Voice of Jaipur, August 27, 2020
The Covid‑19 pandemic will have severe negative impacts on achieving the targets of most of the Sustainable Development Goals (SDGs). However, while unlocking and reconnecting, pandemic offers countries an opportunity to build recovery plans that will reverse current trends and change the consumption and production patterns towards a more sustainable future, experts said in an International webinar organised by CUTS on ‘SDG-12: Will the Pandemic Slowdown the Progress of Meeting the Target’.
India and its States are taking actions towards sustainable consumption and production (SCP) which is gaol12 of SDGs. However, many of those achievements are not being reported, and this could be giving a wrong image of the nation’s merits and efforts towards SCP, said Archana Datta, Project Co-ordinator for India for SWITCH-Asia (RPAC), UN Environment Programme India Office. Switch Asia is actively supporting India on SDG12 monitoring and reporting. She further said that the pandemic has exposed our system’s weaknesses, and meeting targets of SDG is no more the responsibility of the government, but it also shifts to the private players and the citizens of the country.
In opening address George Cheriyan, Director, CUTS said, the Asia-Pacific region is unlikely to meet any of the SDGs without concerted efforts by all stakeholders. Conditions in 2030 are predicted to be worse on 20% of SDG indicators than the status in 2015. The region is struggling to achieve progress in SDG 12 (responsible consumption and production) and SDG 13 (climate action), in fact, the region is not even moving in the right direction.
The pandemic had brought “immediate relief” in areas related to SDG 12 (responsible consumption and production), SDG 13 (climate action), SDG 14 (life below water) and SDG 15 (life on land). The global Co2 emission reduced by 17 percent. First time after World War II, the global energy demand reduced. India had seen a 30% reduction in energy consumption. There were drastic reduction in air pollution; Delhi NCR had seen a reduction of 79%. However these gains were short lived. The pandemic had resulted in tremendous increase in plastic consumption, the sale of global disposable masks increased from USD 800 million in 2019 to USD 166 billion in June 2020. Since education had gone online, the use of electronic gadgets increased tremulously, the sale of laptops in the state of Kerala itself increased by 400%. Use of personal vehicles, due to lack of public transport, including Metros and physical distancing norms, increased to more than the pre pandemic levels. These increased consumption will have severe negative impacts on achieving the targets of SDG12, George added.
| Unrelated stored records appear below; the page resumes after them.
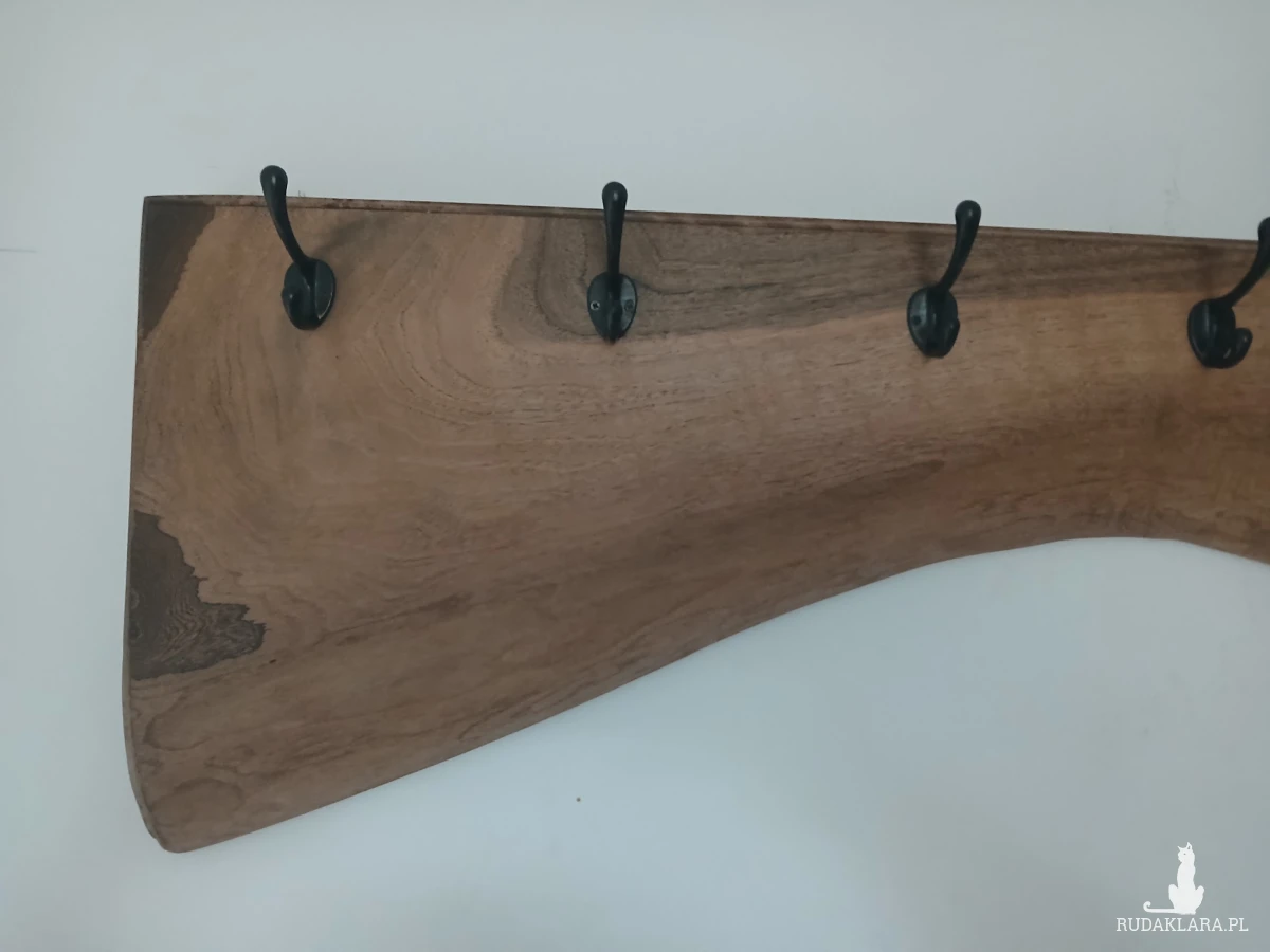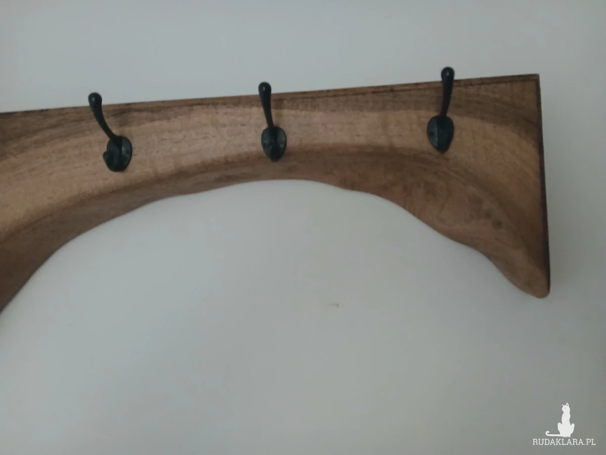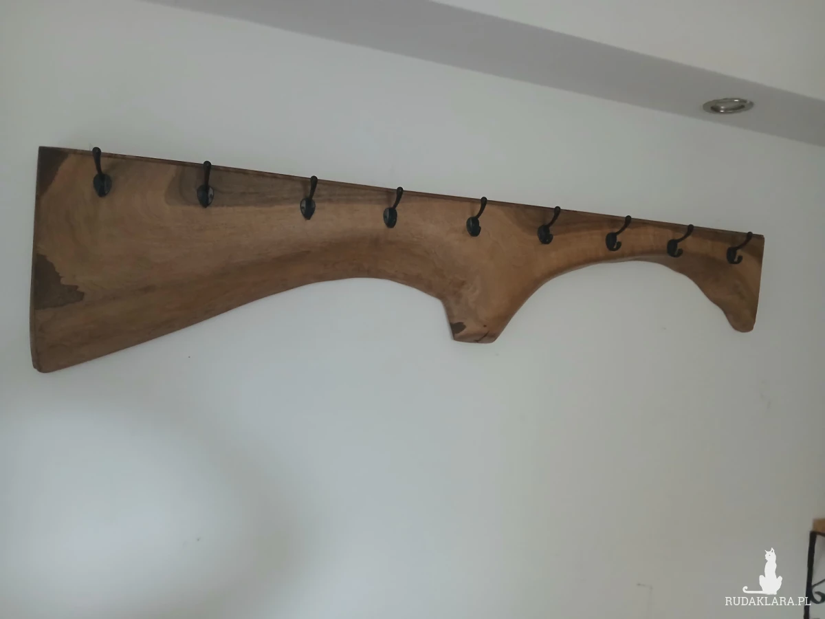 Wieszak z drewna wiązu z 9 wieszaczkami szerokość 116cm,wys.28-19cm,gr.6cm,zabezpieczony woskiem.Z tyłu ma zawieszki typu "krokodylek"
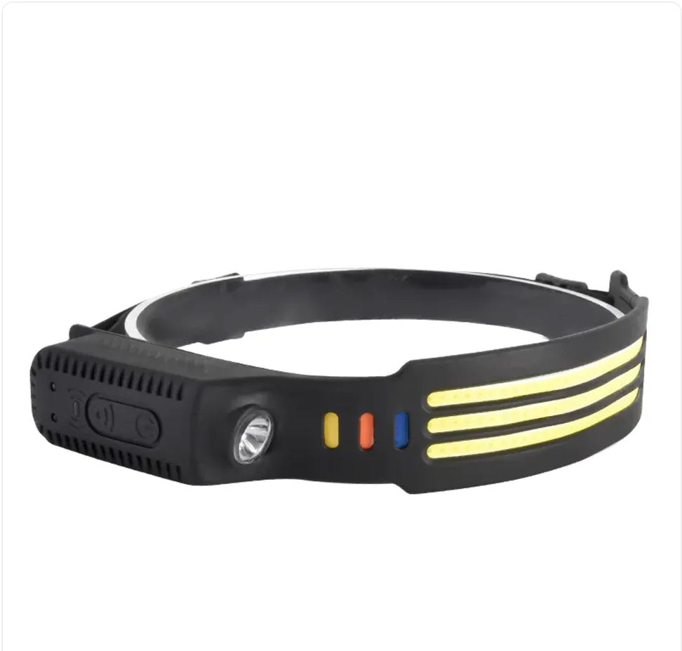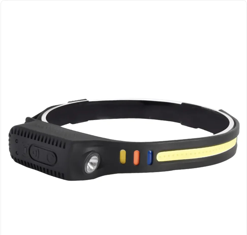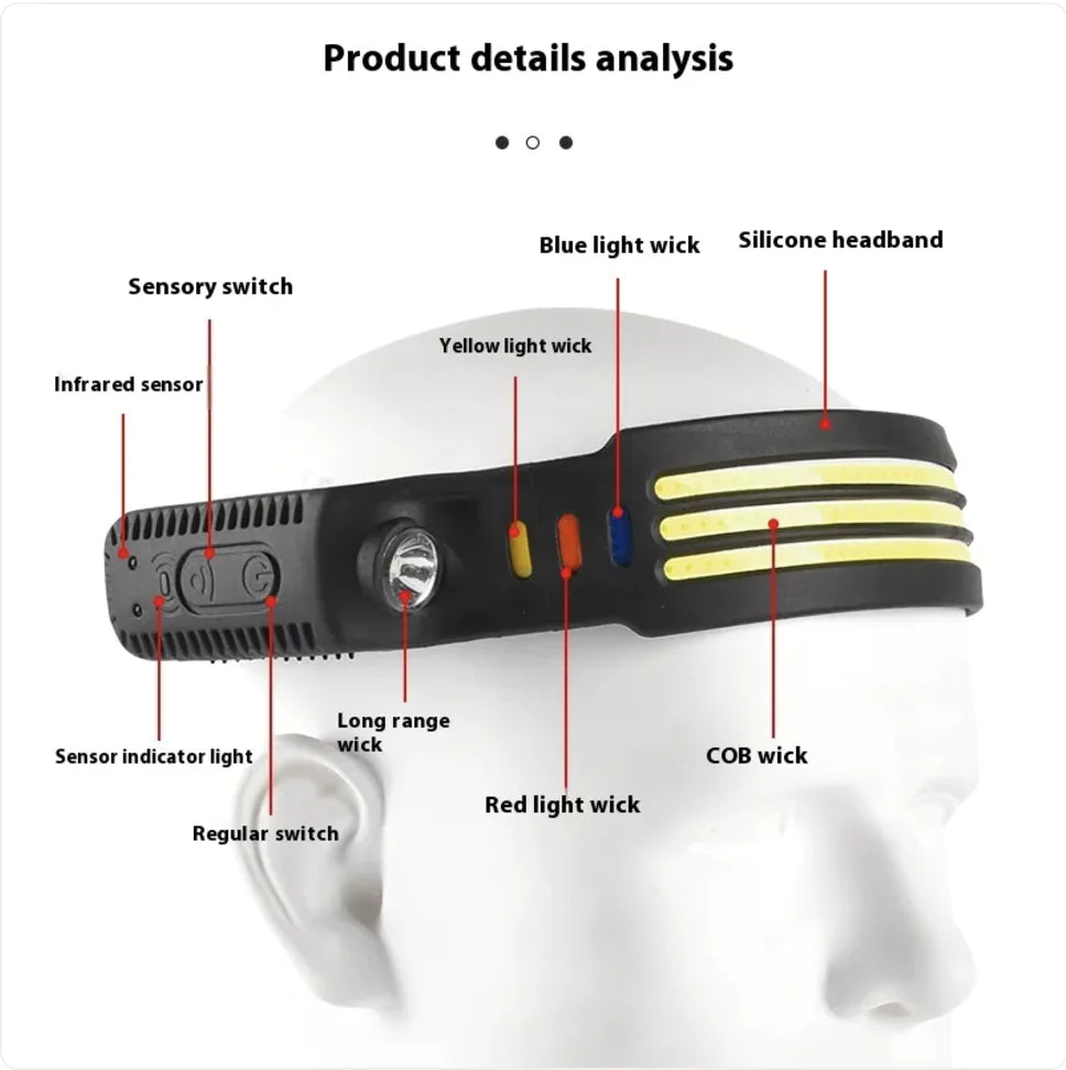 Illuminate your adventures with this Rechargeable Dual-Light Silicone Sensor Headlamp. Designed for outdoor enthusiasts, this lightweight and durable headlamp offers versatile lighting options with nine adjustable brightness levels and high-power COB LED technology. Perfect for activities like hiking, cycling, and camping, its life-grade waterproof construction and long-lasting battery ensure reliable performance in various conditions.
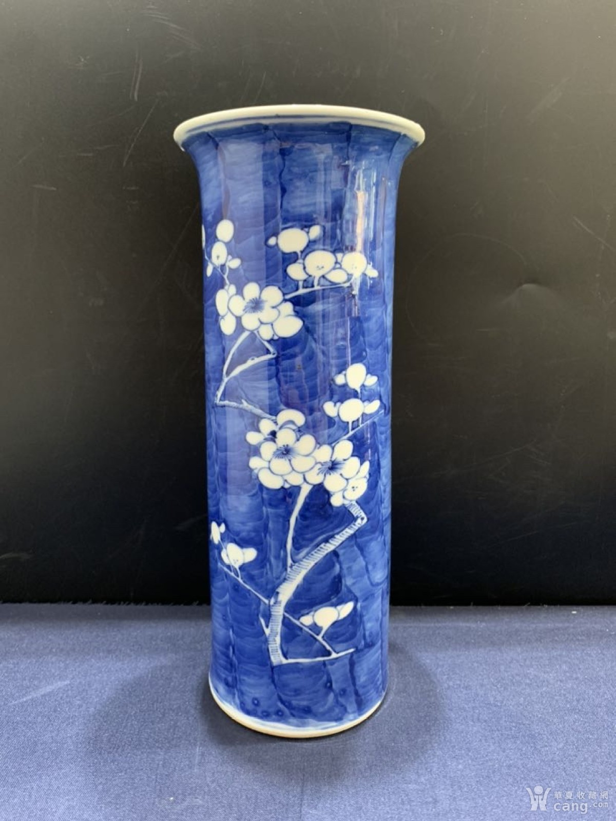清晚期青花留白冰梅筒瓶
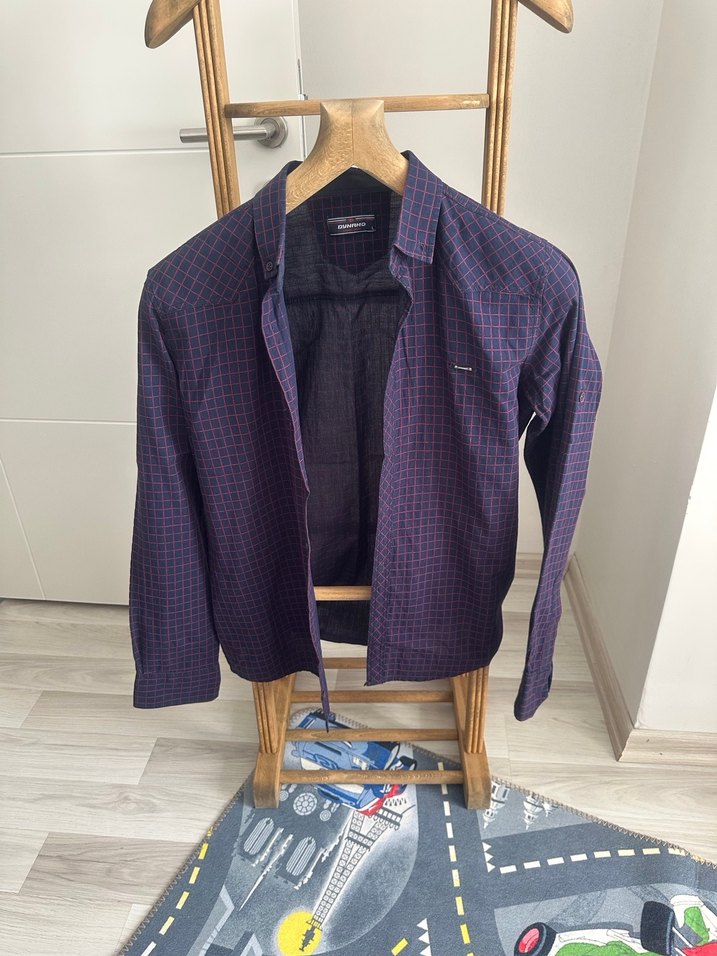 Mor renkte, uzun kollu ve notlu yaka detaylı erkek gömleği. Düğmeli ve düz kesim, rahat sokak stili için uygun.

Eva Eiderström, Director, Department of Ecolabelling and Green Consumption, Swedish Society for Nature Conservation, Stockholm, stated that climate change is the indicator of consumption patterns of society as whole. It was also highlighted that circular economy still needs to be developed and institutionalized. Its focus also seems to be less on reduction of total use of resources and more on recycling. She stressed upon active dialogue with concerned stakeholders for sustainable use. She also said eco-labelling can play a key role in promoting responsible consumption. Eva concluded by highlighting that the SDG goal 12 is the key for survival and we have to shape our systems according to that.
Dr. Usha Titus, Principal Secretary, Department of Environment, Government of Kerala acknowledged that Kerala is top in overall SDG ranking, but is certainly not on top with regards to SDG 12. She gave brief overview of various schemes and programs being successfully implemented within the State to address SCP. During the discussion, she acknowledged that lack of coordination between various departments within the State acts as a major challenge in meeting the targets and collecting the SDG data. While few of the local Panchayats do implement successful SCP practices, it often goes unnoticed and unreported. Absence of nodal officers in each department to push the SDG agenda is also a major roadblock.
Dr. Joy Elamon, Director General, Kerala Institute of Local Administration underlined the importance of empowering local government and integrating various departments for achieving the SDG 12 targets. Local governments should not be seen as mere implementers of the agenda. Local governments are catalysts of change and the level of government best-placed to link the global goals with local communities. He also agreed that centralised and decentralised management both have their own advantages and disadvantages, and what works best depend on case to case basis. For instance, with respect to solid waste management, decentralised management works best. He also emphasised on behaviour change need to adopt sustainable lifestyle.
More than 100 participants from 23 states of India and 12 countries, including representatives of UNCTAD, UNEP, UN-ESCAP, and ASEAN secretariat, civil society organisations, academics attended the webinar.